Au sommet de sa carrière, Gladys Bentley vit dans un appartement de luxe sur Park Avenue, conduit une voiture chère et a un grand entourage de domestiques. Elle raconte à la presse qu’elle et son amant étaient légalement mariés, mais l’identité de la femme est encore inconnue à ce jour. Mais alors que tout semble bien se passer dans la vie de Bentley, quelque chose d’inattendu se produit : avec la levée soudaine de la prohibition en 1933 et la crise économique mondiale qui a eu lieu au même moment, la tolérance du public envers les homosexuels a chuté – et avec elle la popularité de la star des émissions de variétés. En raison d’un manque d’emplois, la musicienne de blues a déménagé chez sa mère à Los Angeles en 1937 et s’est débrouillée avec diverses petites apparitions – maintenant en robe, bien sûr. Ce n’est qu’au début de la Seconde Guerre mondiale qu’il leur est devenu plus facile de vivre à nouveau leur véritable identité, lorsque de nombreux clubs gais et lesbiens ont ouvert sur la côte ouest. Pendant ce temps, elle se produit, entre autres, en tant que tête d’affiche du « Mona’s 440 Club » – le premier bar lesbien de San Francisco.

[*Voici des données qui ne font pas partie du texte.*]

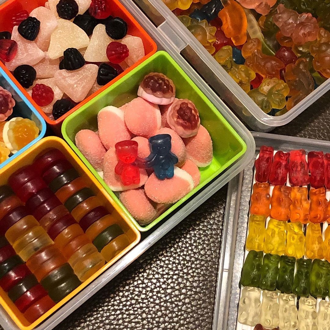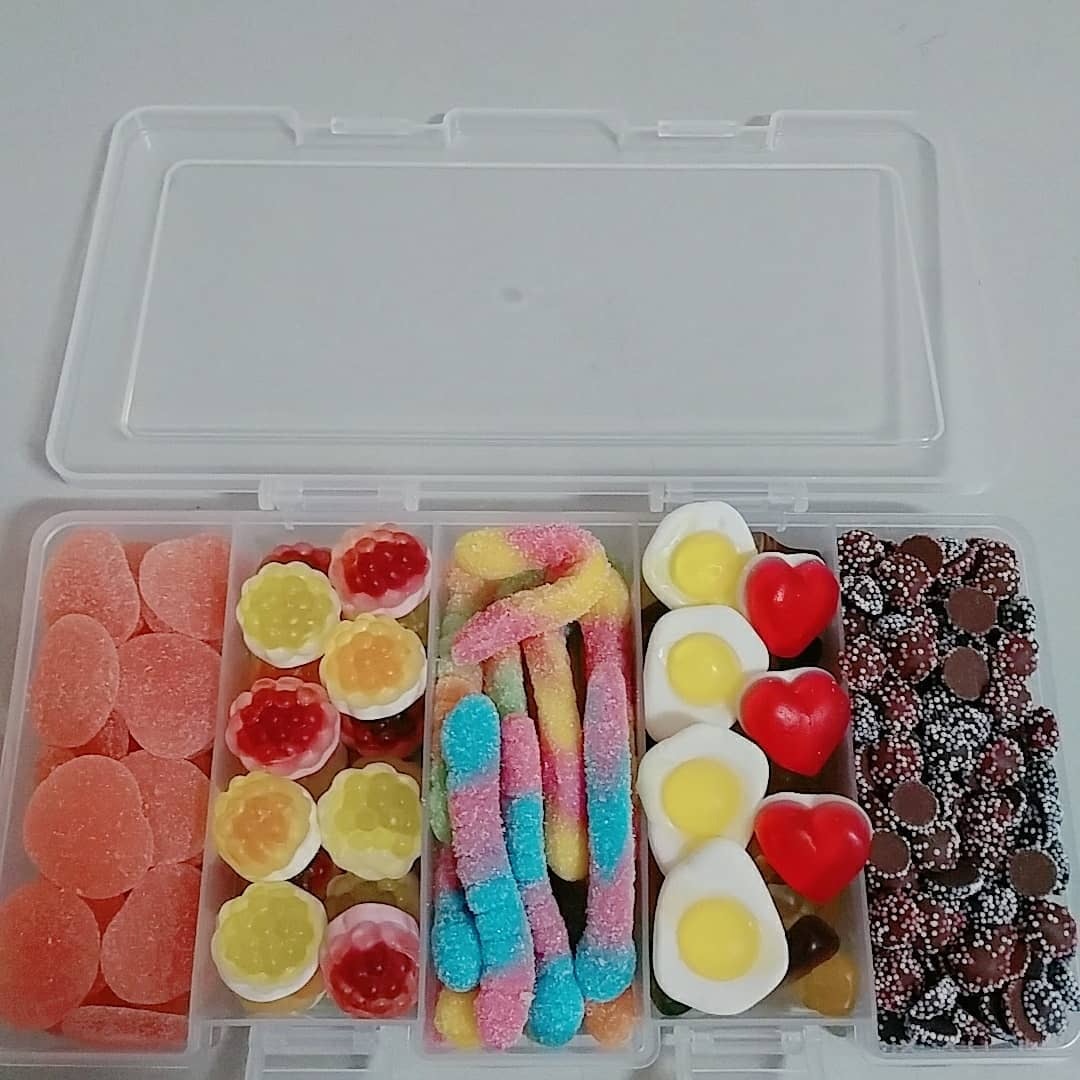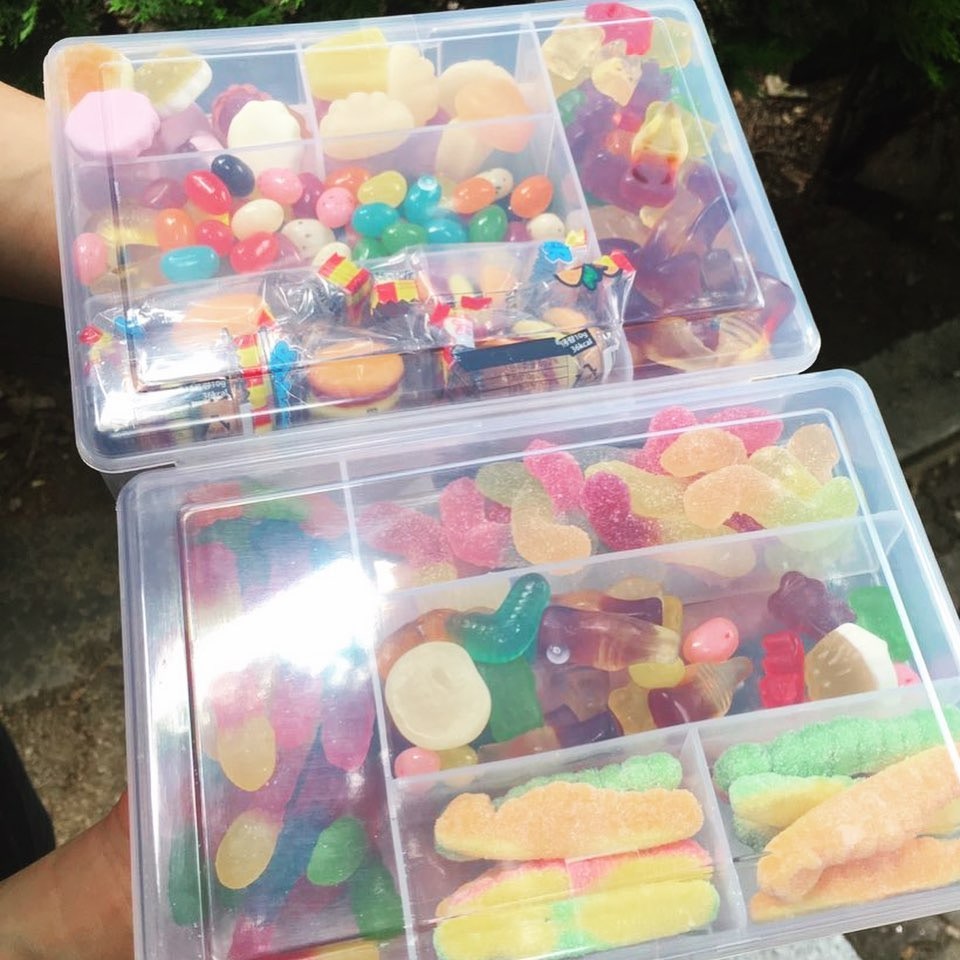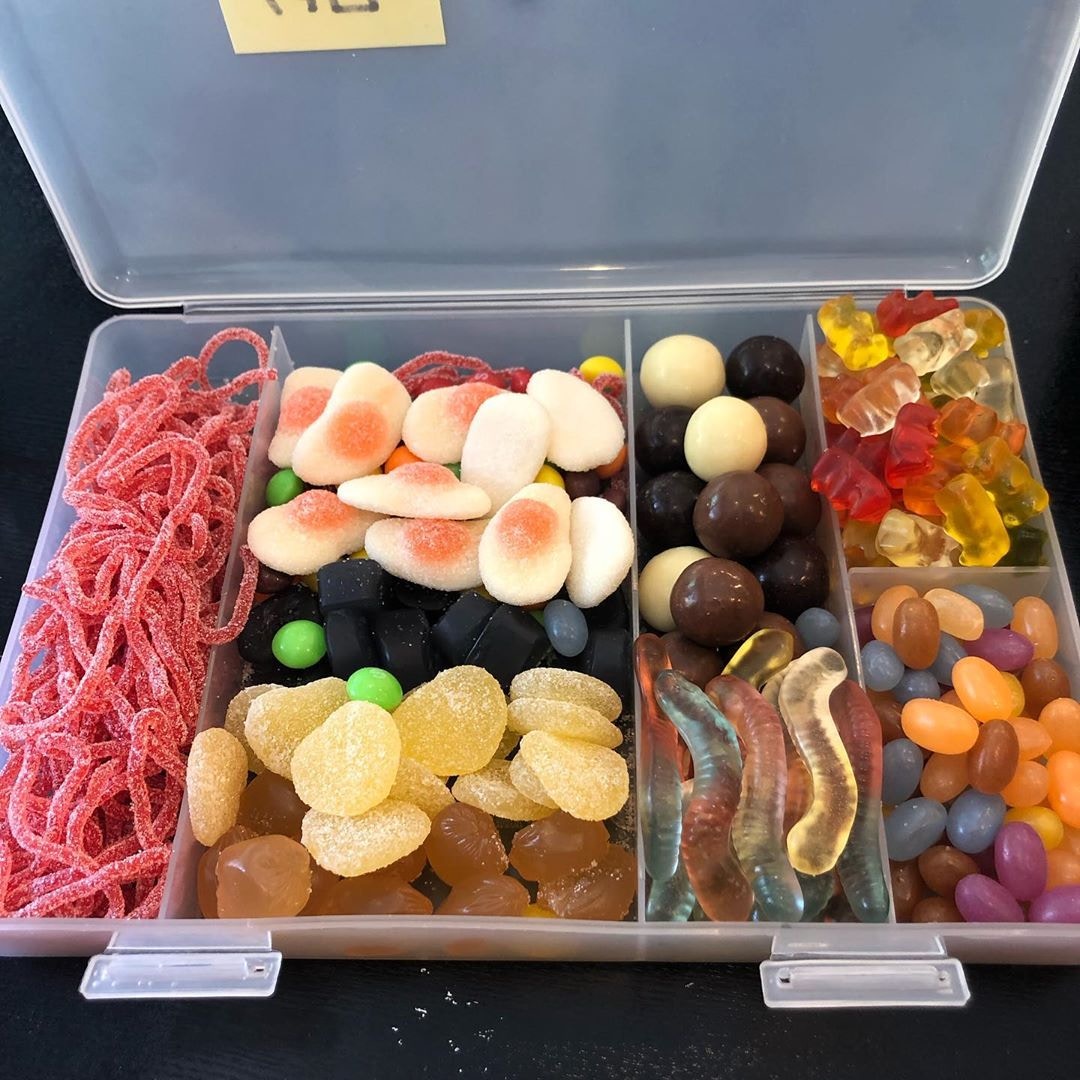 ▼這些「飯盒」分為一個個小格,裡面裝著不同的糖果和零食。軟糖被分類放好,想吃哪一種就拿哪一種,一目了然。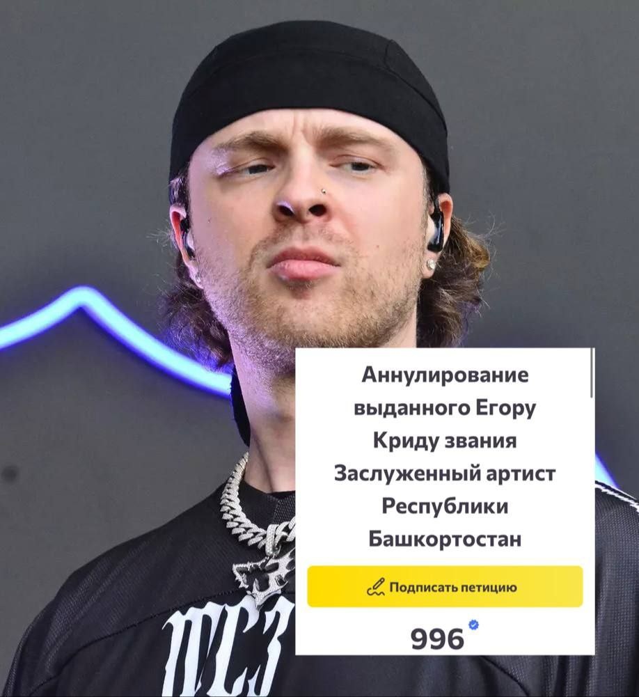 Петиция жителей Башкортостана призывает отозвать звание народного артиста у Егора Крида Население Республики Башкортостан инициировало сбор подписей, призывая аннулировать награду местного значения, присвоенную Егору Креду. Авторы обращения подчеркнули, что творчество исполнителя, насыщенное грубой речью, ставит под сомнение правомерность предоставления ему столь почетного статуса. По состоянию на сегодняшний день количество поддержавших инициативу превысило отметку в девятьсот голосов.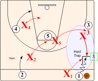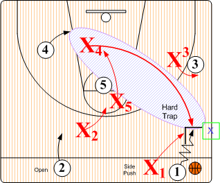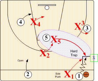 Hard Trap. In SOS "Red Rover 5" half court disruption, designated defender X5 steps out and traps the ball handler with X1. X2 assumes a High Triangle "I" SNUGGLE position denying any pass to O5. Defender X4 moves into to a Low Triangle "I" position to deny any long lob pass to O4. X3 assumes a SNUGGLE denial position on O3.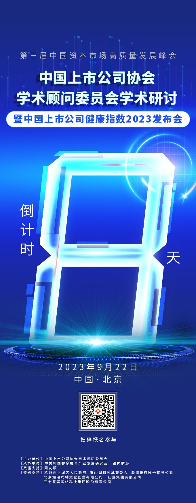 如何看待当前宏观经济形势,如何促进资本市场投融资平衡、引入更多中长期资金?如何进一步优化交易机制、更好保护中小投资者?对市场建设者和参与者而言,还有一系列课题需要思考和解决。为落实“活跃资本市场、提振投资者信心”的要求,更好促进资本市场平稳健康发展,9月22日,中国上市公司协会学术顾问委员会学术研讨暨中国上市公司健康指数2023发布会将在北京召开,知名专家学者、上市公司和相关机构代表将在会上就上市公司如何促发展、强信心进行深入讨论。会议将围绕“创新引领 共赋价值”的主题,为中国资本市场把脉,为健康发展献“良方”。届时,我们不见不散!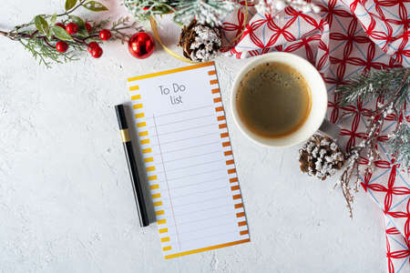 Cup of coffee, holiday decorations and paper to do list on white table top view, Christmas planning concept. Flat lay style. Happy new year.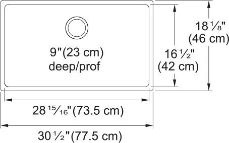 - 18 1/8″ x 30 1/2″ x 9″deep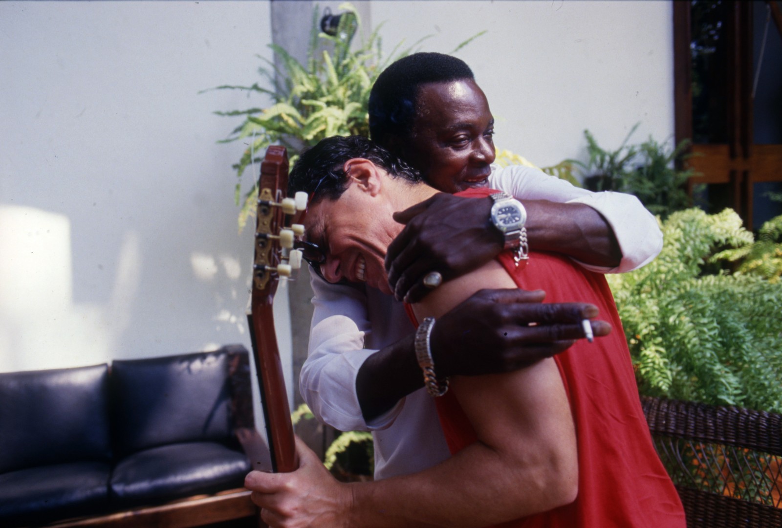 hico Buarque de Holanda (cantor e compositor),com o amigo Nilton Delfino Marçal,mais conhecido como Mestre Marçal (instrumentista e ritmista) — Foto: Eurico Dantas / Agência O Globo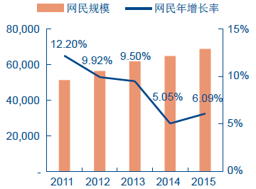 2011-2015年中國互聯網網民數量(單位:萬人)

L’ère répressive de McCarthy a laissé sa marque sur Gladys Bentley

La Seconde Guerre mondiale a été suivie de la guerre froide et d’une hystérie anticommuniste concomitante, qui s’est manifestée par une vague de politiques sociales répressives. Les gauchistes politiques, les immigrés et les homosexuels sont stigmatisés, persécutés et réduits au silence en cette ère dite McCarthy. Gladys Bentley a également été touchée par cette évolution politique. Bien qu’elle n’arrête pas de tourner, elle change maintenant constamment son smoking pour des vêtements pour femmes. En 1952, elle écrivit un article dans le magazine Ebony intitulé « I Am A Woman Again », dans lequel elle déclara au public qu’elle avait subi un traitement hormonal et qu’elle était désormais hétéro. Peu de temps après, elle a épousé le chef Charles Roberts, qui avait 16 ans son cadet, mais qui plus tard a toujours nié le mariage. En 1958, elle fait sa première et unique apparition à la télévision dans l’émission You Bet Your Life, vêtue d’une robe et chantant le tube de jazz « Them Their Eyes ». Deux ans plus tard, Gladys Bentley est décédée à l’âge de 52 ans des complications d’une pneumonie – peu de temps avant de pouvoir terminer sa formation de pasteur chrétien.

Gladys Bentley est considérée comme l’une des personnalités colorées de Harlem, une reine de la nuit. Non seulement elle était une attraction avec ses performances sexospécifiques, mais elle a également ouvert la voie à de nombreux pionniers LGBTQ * pour la suivre. Ses paroles étaient critiques; elle a chanté sur la libération sexuelle et la lutte contre le patriarcat. Son intrépidité et son sens de la liberté ont fait d’elle l’une des artistes les plus célèbres des années 1920 et 1930. C’est donc d’autant plus tragique qu’elle n’a pas pu finir sa vie en liberté. Mais comme Gladys Bentley elle-même l’a dit un jour : « J’ai mérité la distinction d’être la première, et dans certains cas la seule, interprète noire à se produire dans les meilleures salles scintillantes. Je suis toujours une star. »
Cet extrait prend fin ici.